Yes, there are problems in the real world that can only be solved through formulas, there are also problems that can only be solved through statistics (Can you give me a formula that says how often you can expect to win with AA at a 10 player table? I'd prefer to look at the statistics after it's dealt to me 1,000 times and assume that the number I get is, in all practical senses, the number I can expect in the future). I think the question in this thread, as it was posed, can be effectively solved either way. And I think the fact that both of our methods produced similar answers is a good check which validates both of our methods and ensures that neither one of us missed anything as we thought through the problem. I'm sorry that all I could provide from my method was the results. I had thought about posting the code I used to create the simulation but it's been years since I wrote software for a living, and the code I put together for this problem is quite inefficient and embarassing, but it works.

d10
03-02-2005, 09:09 PM
I'm not sure what one has to do with the other. Given a sample of 19,10,1, the standard deviation will be greater than the minimum value. Given 5001,5000,4999, the standard deviation will be less than the minimum value.

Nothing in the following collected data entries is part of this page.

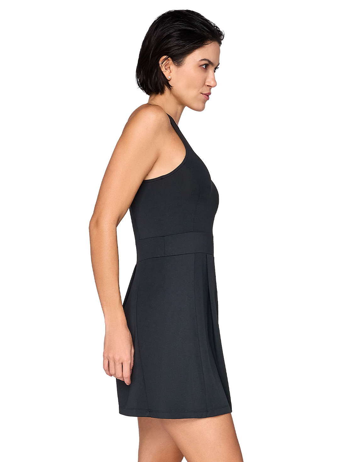 Vestido deportivo con espalda racerback y cortes que estilizan tu figura. Su falda con tablones permite mayor movimiento, mientras su tejido transpirable y de secado rápido lo hace ideal para actividades físicas o looks dinámicos.
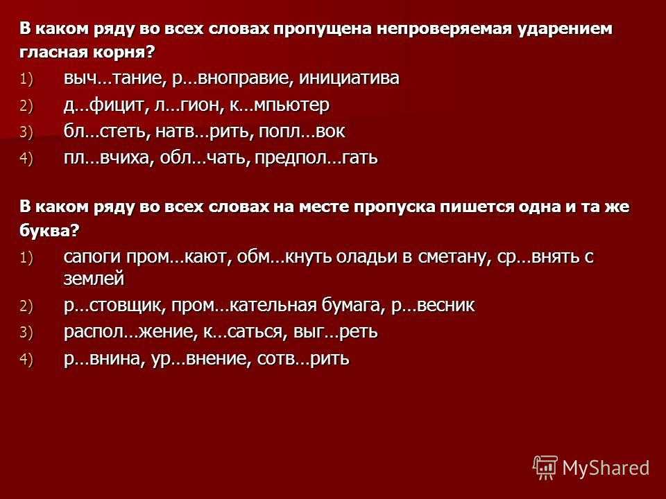 1. ПРОВЕРЯЕМЫЕ ГЛАСНЫЕ. Написание безударных гласных проверяется ударением. Нужно изменить слово так или подобрать такое родственное слово, чтобы ударение падало на сомнительный звук: голова — голову — голов; подарить — подарок, синева — синий.
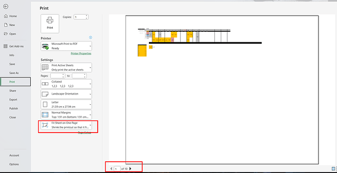 The devs have confirmed the issue as a bug. The devs have mentioned that in the excel file that you have shared, the data in the Cell D1502 is “MM” and the setting is “Fit Sheet On One Page”. While printing the Excel file, Excel had some policies, didn’t fit all the content on one page, but separated it into 10 pages.
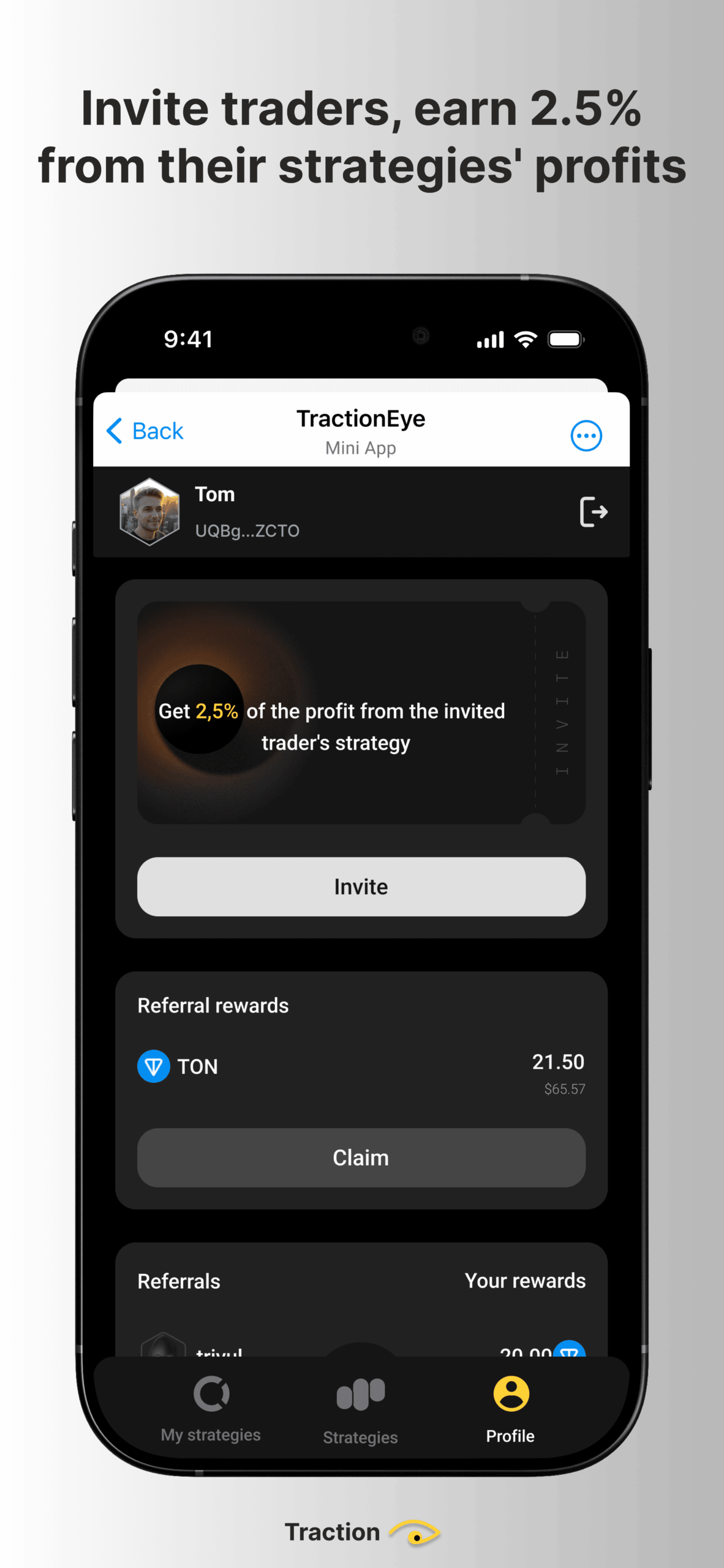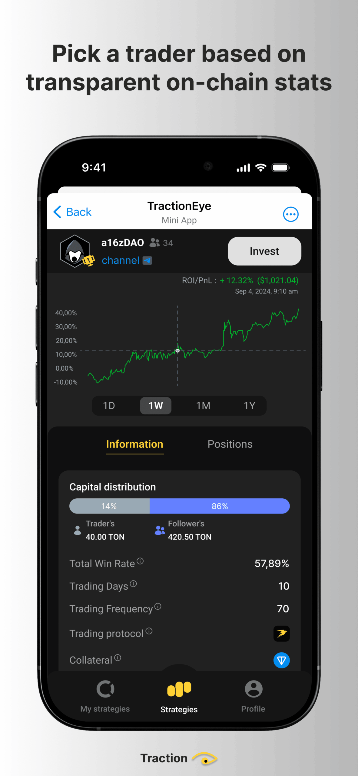 Получите доступ к экспертным стратегиям трейдеров OG и без труда получайте прибыль от их успешных сделок. TractionEye совершает революцию в торговле DeFi, объединяя сообщества и трейдеров OG в мощную команду — фонд. Вместо бесконечной погони за китами члены сообщества становятся поставщиками ликвидности для фонда, управляемого трейдером, а прибыль делится между всеми участниками!
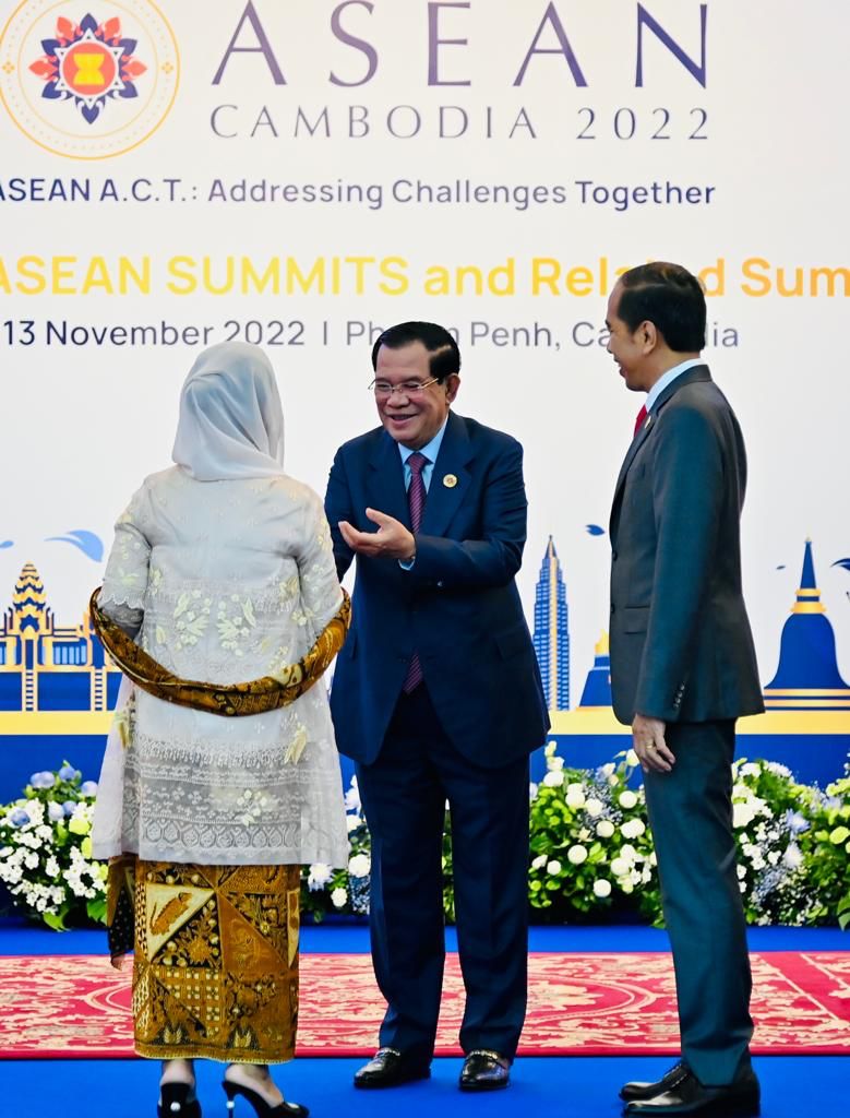 Presiden dan Ibu Iriana Jokowi tiba di Hotel Sokha sekitar pukul 7.50 waktu setempat disambut Perdana Menteri Kamboja Hun Sen dan dilanjutkan dengan sesi foto bersama.

I think given the sample of this problem both the standard deviation and the minimum values I arrived at look OK.

fishfeet
03-04-2005, 04:05 AM
Cool! A discussion about the thread I made...

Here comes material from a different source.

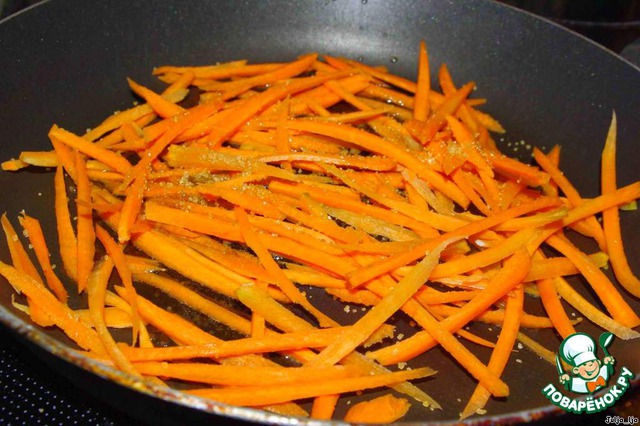 Морковь обжариваем на растительном масле с добавлением щепотки сахара. Обжариваем на большом огне, довольно быстро. Морковь должна оставаться полусырой. В конце добавляем уксус (обычный), перемешиваем, держим на огне 30 секунд, снимаем и отделяем морковь от уксуса.
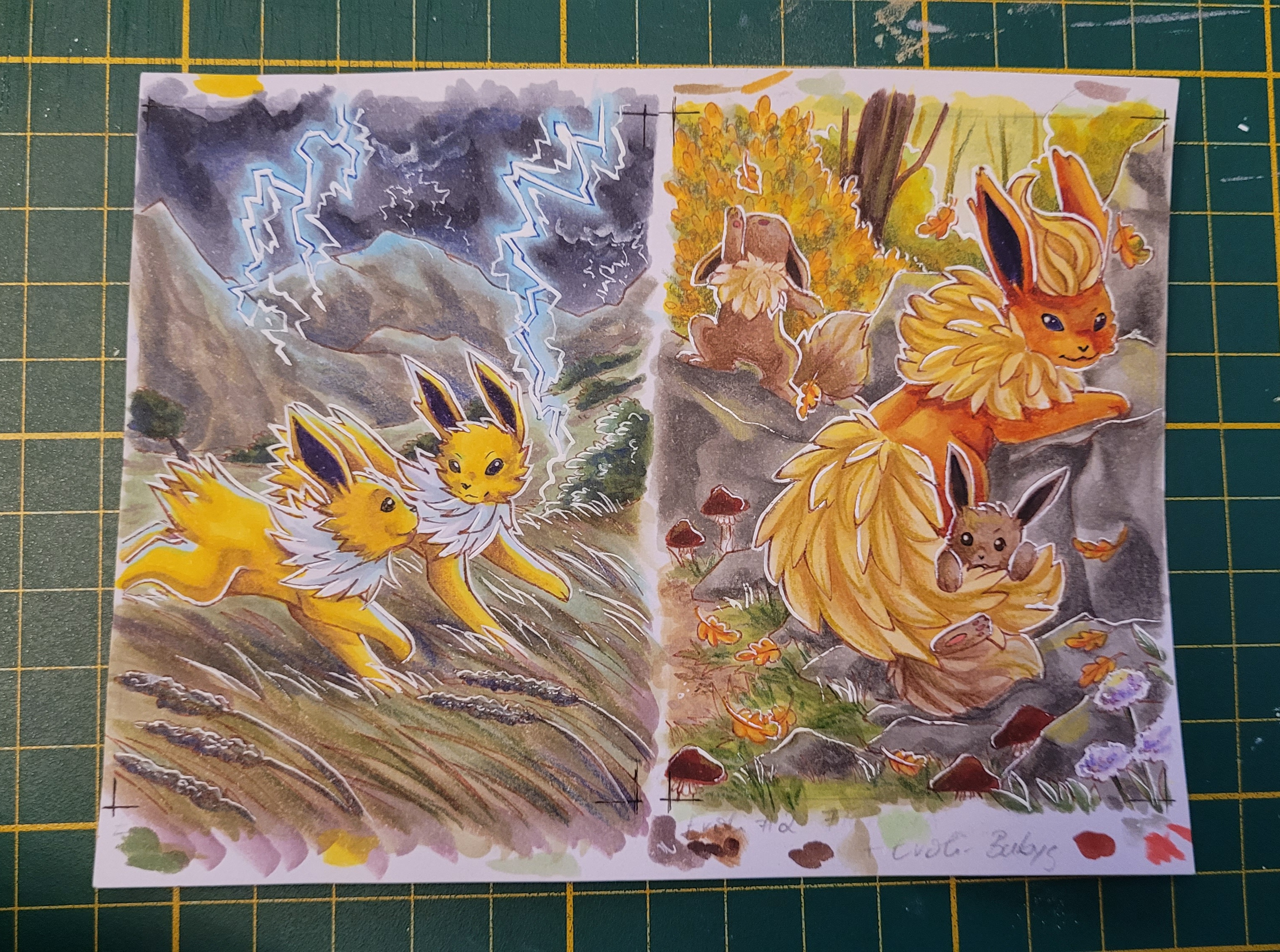 @Moonrose : Der Wassereffekt bei der ersten Karte ist ja mega cool :0 Die zweite ist auch super niedlich, aber wirkt noch ein wenig blass, ich glaube da könnten ein, zwei Schichten Farbe und vielleicht ein paar Schatten noch helfen :3

I never got to all 365 bdays... I ran out of forums to post on!!

Anyway, here is the data I collected so far.. maybe Ill pick it up again sometime...


254 Birthdays
427 Responces (173 repeats)

I tried reading this tread to understand how to solve for an expected value... but it went way over my head.
Ive always been a good at math.. just took Stats last semseter.. got an A.
But damn, This stuff is confusing.

Jonas Wa
03-04-2005, 09:32 PM
Your Problem is with union and interscetions (inclusion-exlcusion)
your:
365*(364/365)^N - (365 choose 2)*(363/365)^N
should be followed if done right (havnt look realy at it)
+(365 choose 3))*(362/365)^N -(365 choose 4))*(361/365)^N
and so on........
Smartest should be to take 1-P(all found) I think.

gaming_mouse
03-04-2005, 11:20 PM
[ QUOTE ]
Your Problem is with union and interscetions (inclusion-exlcusion)
your:
365*(364/365)^N - (365 choose 2)*(363/365)^N
should be followed if done right (havnt look realy at it)
+(365 choose 3))*(362/365)^N -(365 choose 4))*(361/365)^N
and so on........

[/ QUOTE ]


Yes, I know that. I was confused about why the first two terms were so far off, but, as pzhon pointed out, it just takes longer to converge in this problem.

[ QUOTE ]
Smartest should be to take 1-P(all found) I think.

[/ QUOTE ]

To do what? We're trying to estimate, eg, the chance that they have all been found after 400 trials, or 1000 trial, or whatever. The "1 - " trick doesn't apply here in any way I can see.